The improvement in the air quality will, however, be temporary. Scientists said that from October 28, the AQI reading will be pushed back to the ‘very poor’ range and will remain in the danger zone till the end of the month.
An analysis by the Union ministry of earth sciences’ air quality monitoring centre, System of Air Quality and Weather Forecasting and Research (Safar) also suggests that stubble burning continued to contribute to Delhi’s foul air on Monday.
“Safar-synergised stubble fire counts again increased to 1,275 on Sunday. The Safar model estimate of stubble burning share in PM2.5 (ultrafine particulate matter with diameter less than 2.5 micrometres) is 16% for Monday. While the expected slight increase in local surface wind speed is a positive sign for Tuesday, improved wind speed is not forecasted to stay longer,” the Safar air quality analysis read.
Meanwhile, temperature is also set to dip this week in the national Capital.
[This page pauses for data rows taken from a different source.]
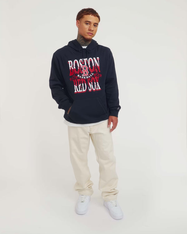The Boston Red Sox Sport Classics Navy Hoodie features a screen-printed Red Sox graphic at the front.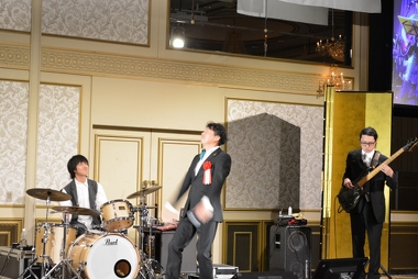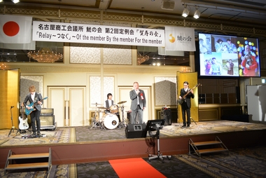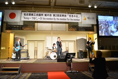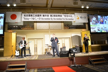 還暦会員はそれぞれに選んだ歌を生バンド演奏の元で歌い登場し、会場は大いに盛り上がりました。
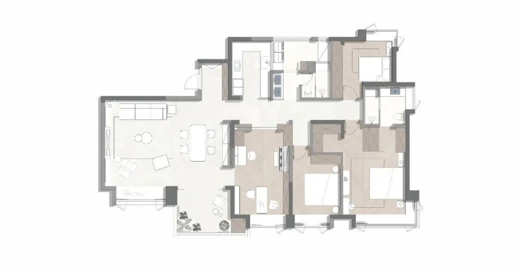 原始结构分区较为不明,特别是生活阳台、次卫、保姆房以及过道,空气流通极差,动线不合理。而面积也存在主卧过于大,次卧逼仄的不均问题。 1.客厅景观阳台纳入,设计为与客餐厅空间连接的多功能休闲空间 2.紧邻餐厅卧室拆除部分墙体,改造为半开放式琴室、书房 3.走廊右侧,重新整合划分厨房、生活阳台、保姆房、次卧布局,使其动线合理,面积分配均匀 4.释放主卧套房部分面积,在保证使用需求的基础上,分划出一间次卧位置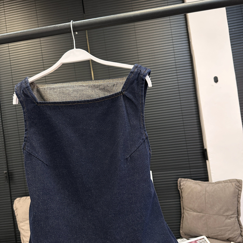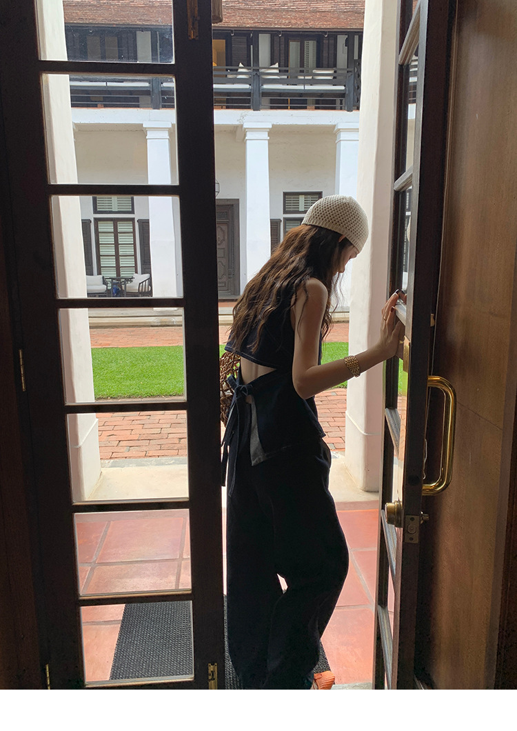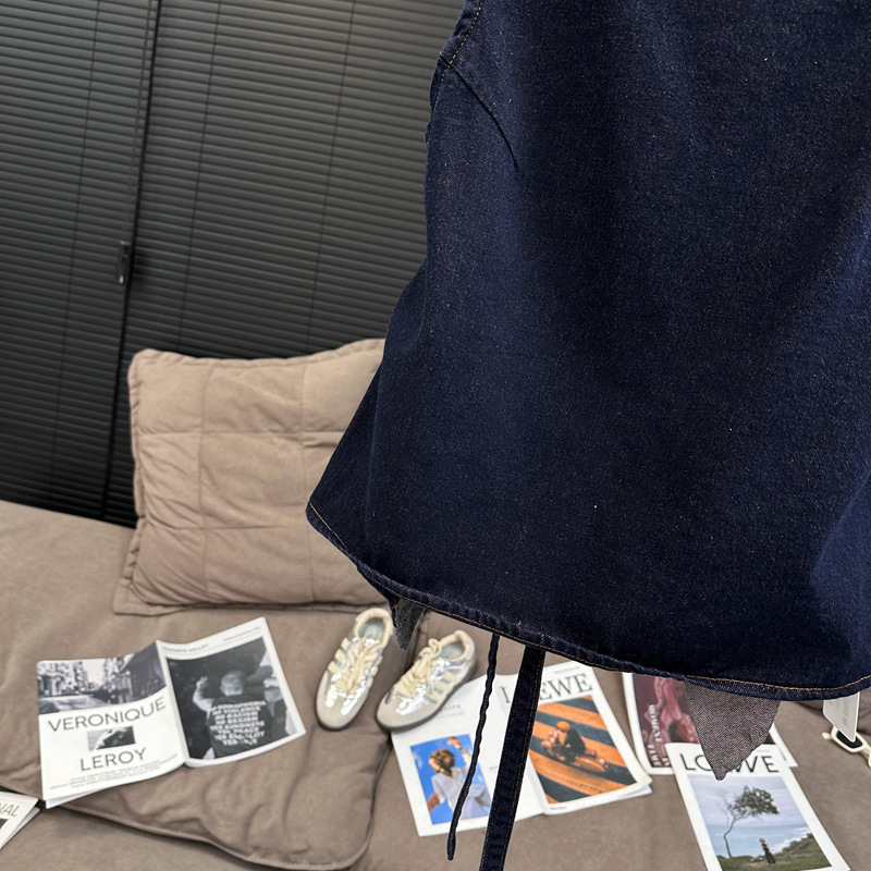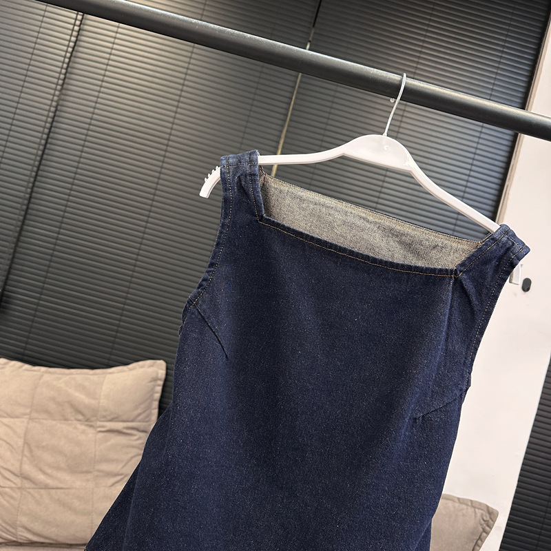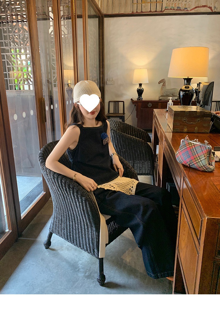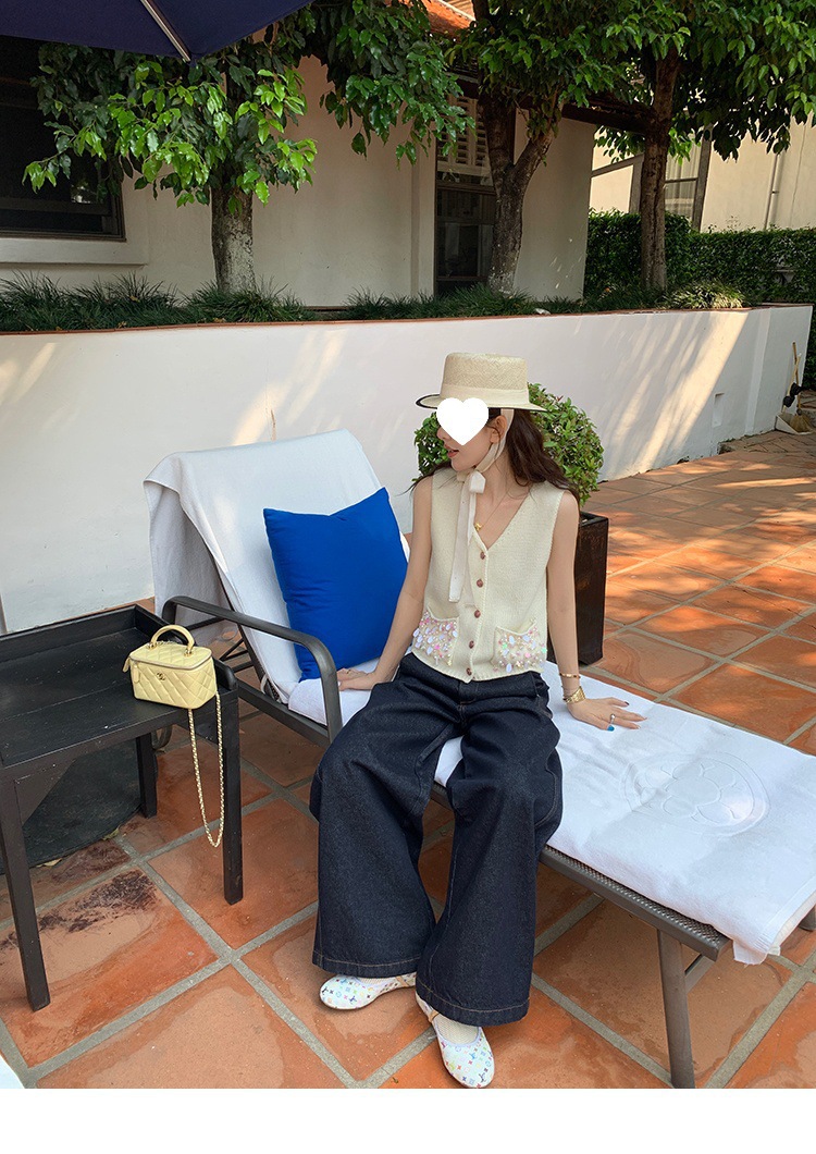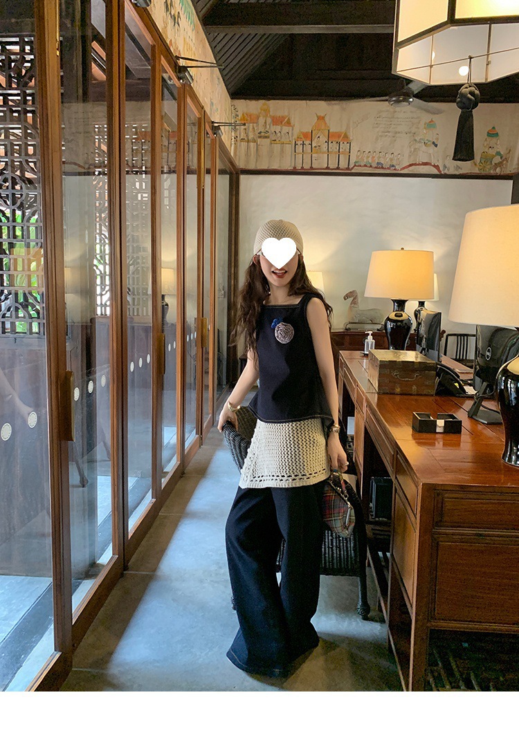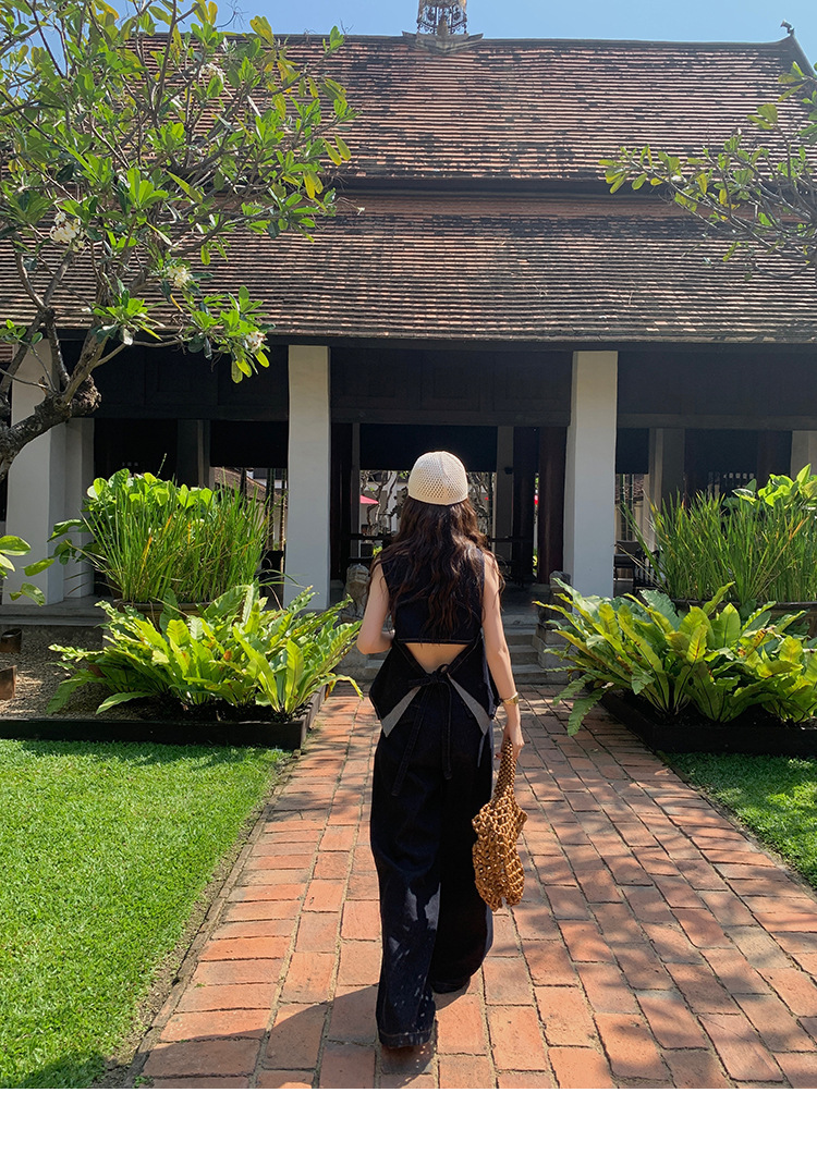 Красивый и простой уличный стиль, жилет с вырезом на спине и строчкой, джинсовый костюм оригинального цвета.

According to the forecast by IMD’s regional meteorological centre, Delhi;s weather will largely remain dry, and there will be a gradual decline in the maximum and minimum temperatures by 2°-3° C in the next three or four days. Delhi has been recording below-normal night-time temperatures for at least a week now.
Till Tuesday morning, the city recorded a maximum temperature of 32.8° C which was one degree above the normal, and a minimum temperature two degrees below normal at 14.4° C. This is likely to dip further as November approaches.